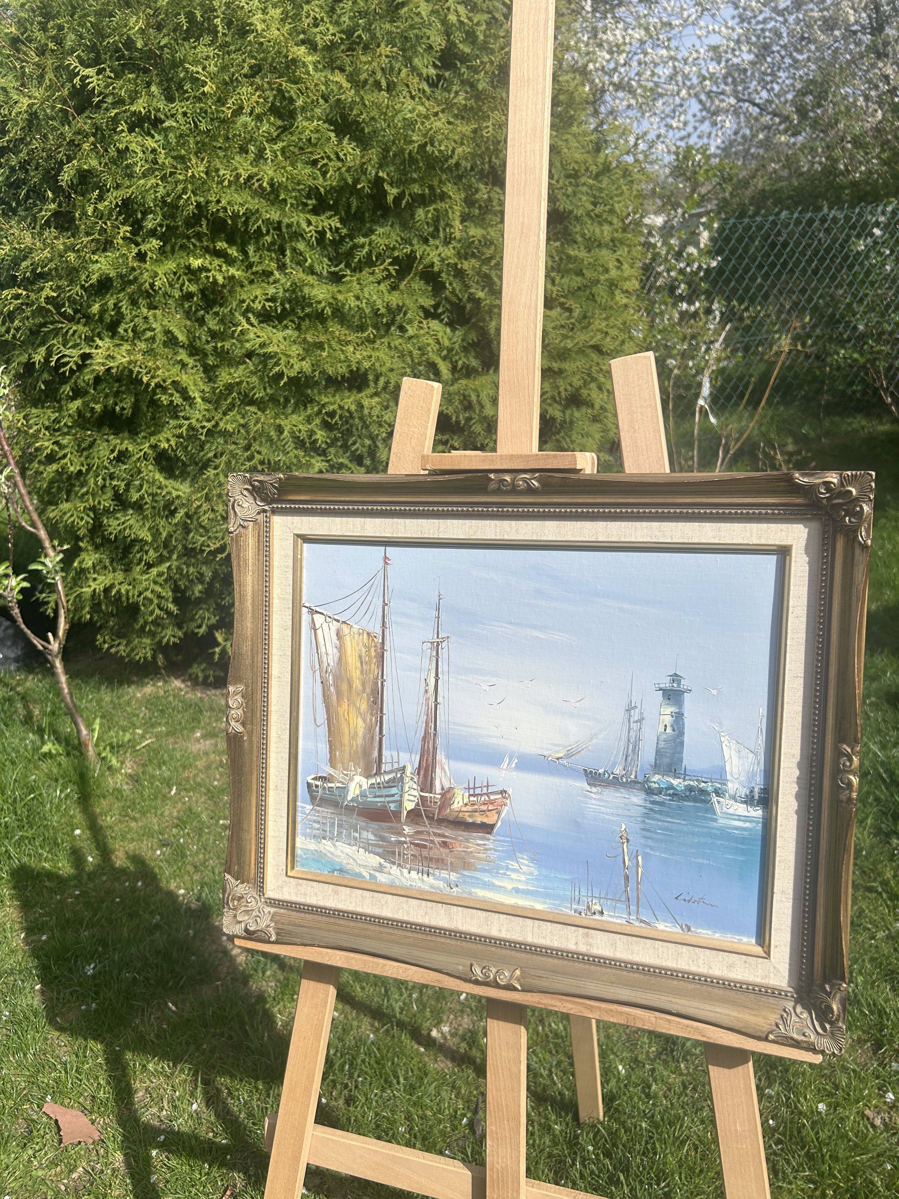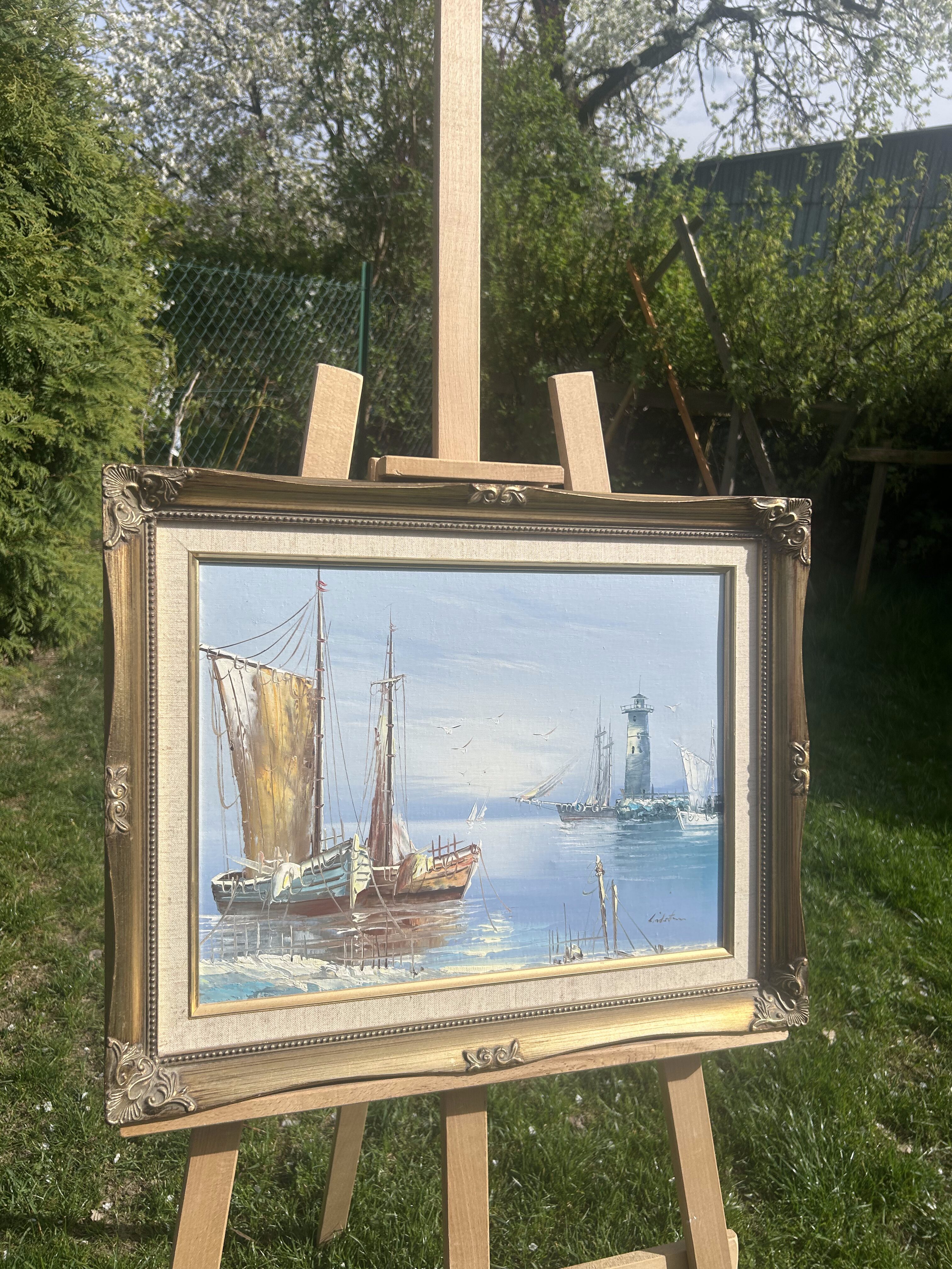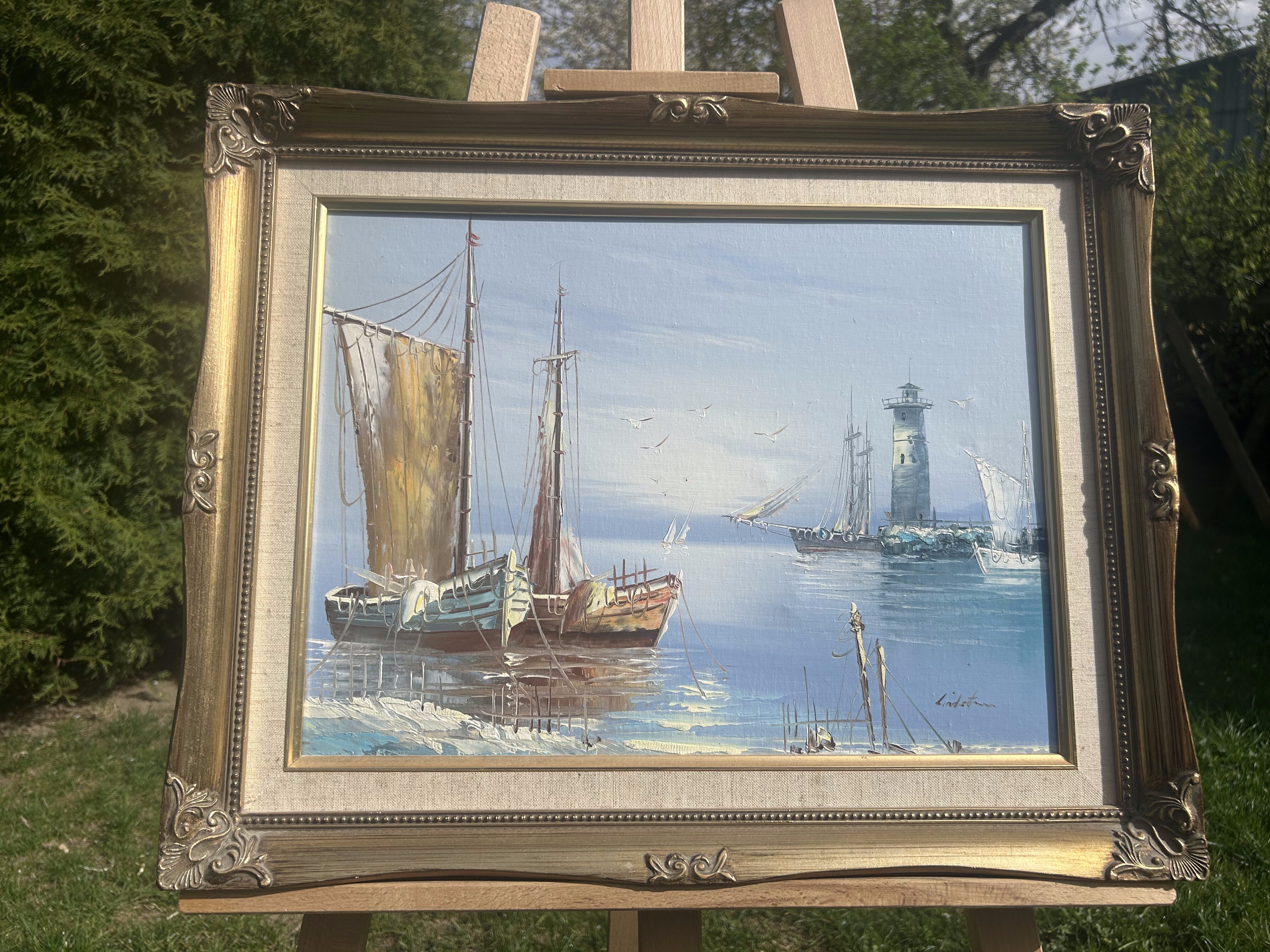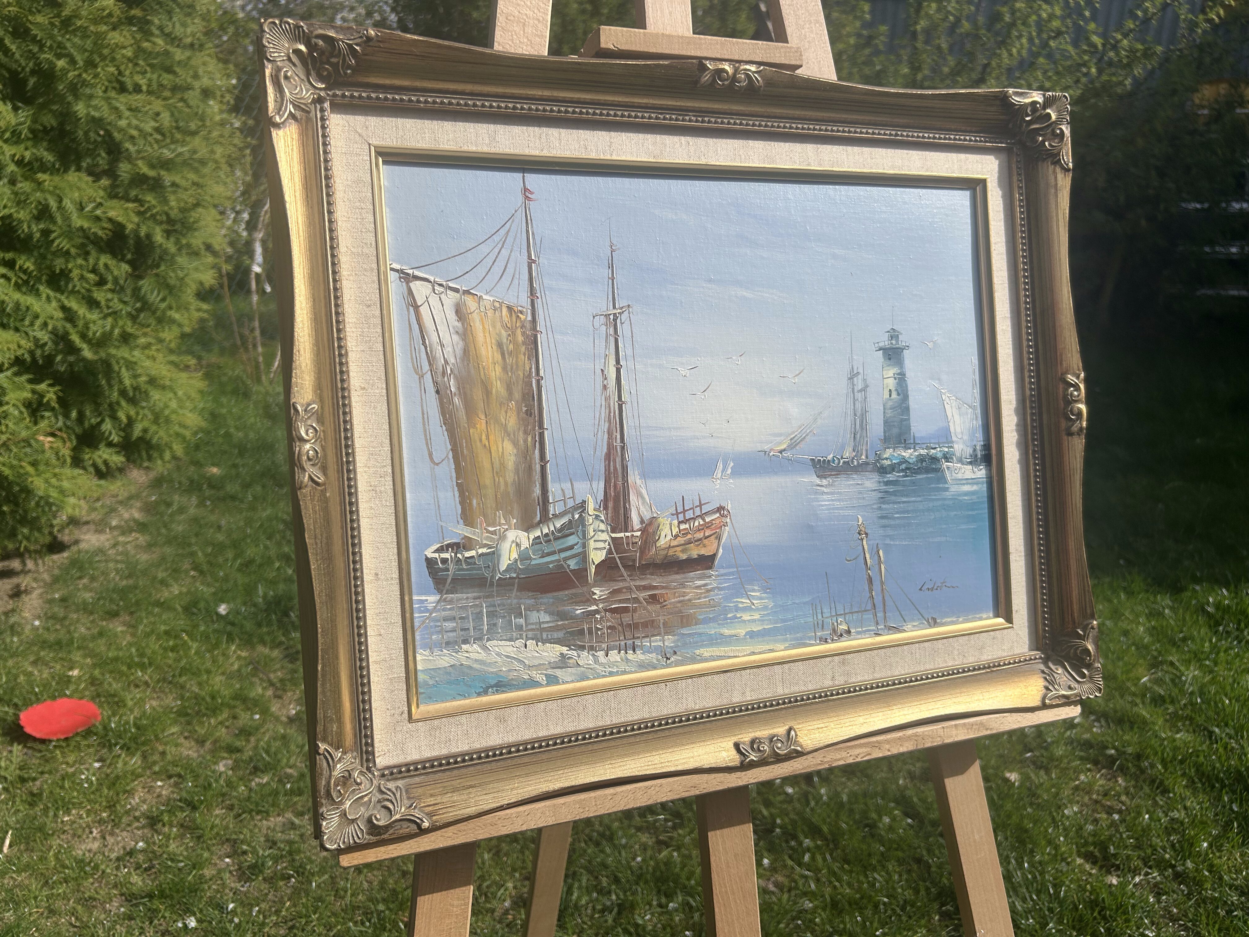 Obraz olejny – Łodzie w porcie – Lasse Lindstrom – Olej na płótnie – Rzeźbiona rama
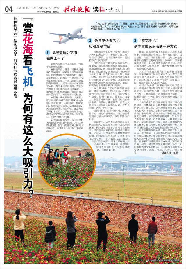 最近,桂林两江国际机场旁的一处花海在网上火了,每天都有不少市民前去游玩。这里不仅能近距离观看飞机起降,还能在花海中拍照,一时间成为“网红打卡地”。
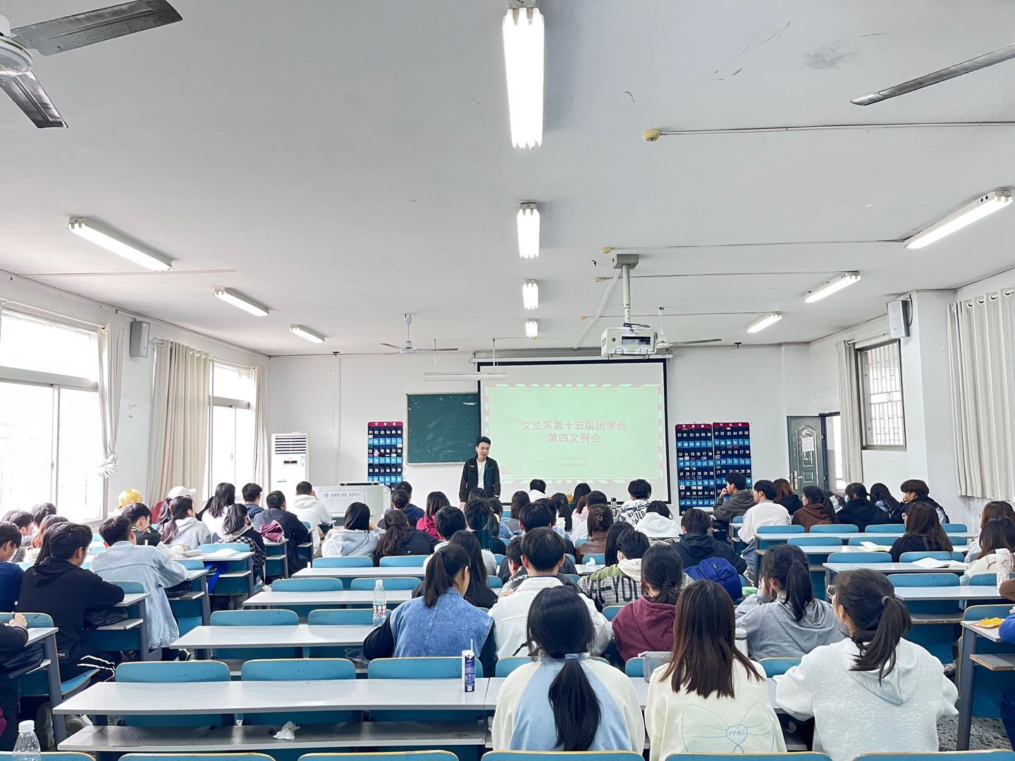 10月21日中午,文法系于二号文学楼2101教室召开第十五届团学会第四次例会,执行团副郑勇、执行主席左康出席会议,团学会全体干部参会。
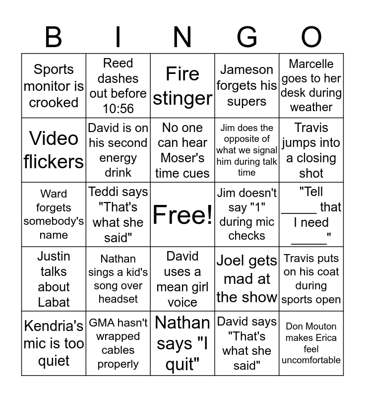 This bingo card has a free space and 49 words: Hannah says meow, Don Mouton makes Erica feel uncomfortable, Derrick talks to Marcelle, Nathan says "I quit", Nathan sings a kid's song over headset, Tiffany's already seen the Harry Potter thing you want to show her, Reed dashes out before 10:56, Jim makes a bad pun, Video flickers, Video is out of sync, David is on his second energy drink, Jameson forgets his supers, Travis puts on his coat during sports open, Joel gets mad at the show, Someone misses a time cue, David rolls his eyes during a Trump story, No one can hear Moser's time cues, Jim doesn't say "1" during mic checks, Rob says "yo yo yo" during mic checks, Marcelle goes to her desk during weather, Teddi says "That's what she said", David says "That's what she said", Sports monitor is crooked, Jim does the opposite of what we signal him during talk time, Rob uses the phrase "misty drizzles", Travis jumps into a closing shot, Kendria's mic is too quiet, Teddi talks about the Kim Kardashian game, David uses a mean girl voice, Justin talks about Labat, Seth rants about a graphic request, Problems with a live shot, A light is out, One or more of the headsets give trouble, GMA hasn't wrapped cables properly, David shoehorns Lord of the Rings into conversation, Wrong VO playing, Wrong super for weather, "Tell _____ that I need _____", "It should be in", "We're missing VO in...", "A-T-Dubba-Dubs", "I don't wanna do ATW", Jim closes one eye when camera is focusing on him, Ward forgets somebody's name, Fire stinger, Danielle says "it's just a bite", Camera operators get sass from Patrice and Master control can't hear us.
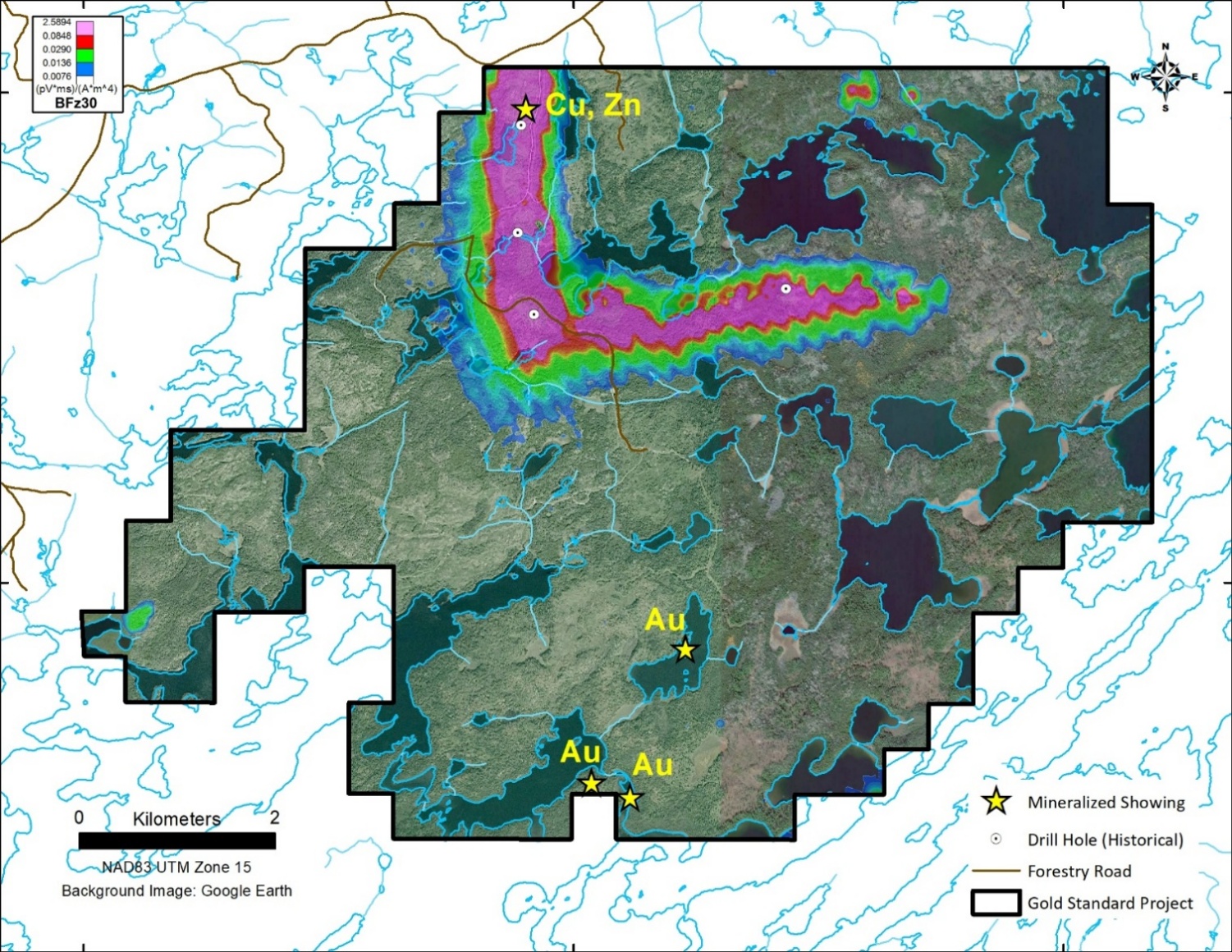 The property covers 22,230 hectares of geology that is prospective for precious metals and critical minerals including gold and copper. The area has not been explored since 1972 despite the presence of several untested conductivity anomalies and numerous showings of sulphide minerals, including arsenopyrite in banded iron formation, which is often associated with gold mineralization.
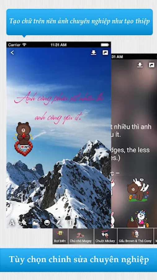 - Tools professional text editor: allows you to easily write text on photos, easily change the font, size, create nice effects to your liking.

§ Task details
Nothing but the lines from the first line of the listing above to the line containing "10月21日中午,文法系于二" should appear in the answer, each one exact and with no pictures.

§ Exercise answer
 Obraz olejny – Łodzie w porcie – Lasse Lindstrom – Olej na płótnie – Rzeźbiona rama
 最近,桂林两江国际机场旁的一处花海在网上火了,每天都有不少市民前去游玩。这里不仅能近距离观看飞机起降,还能在花海中拍照,一时间成为“网红打卡地”。
 10月21日中午,文法系于二号文学楼2101教室召开第十五届团学会第四次例会,执行团副郑勇、执行主席左康出席会议,团学会全体干部参会。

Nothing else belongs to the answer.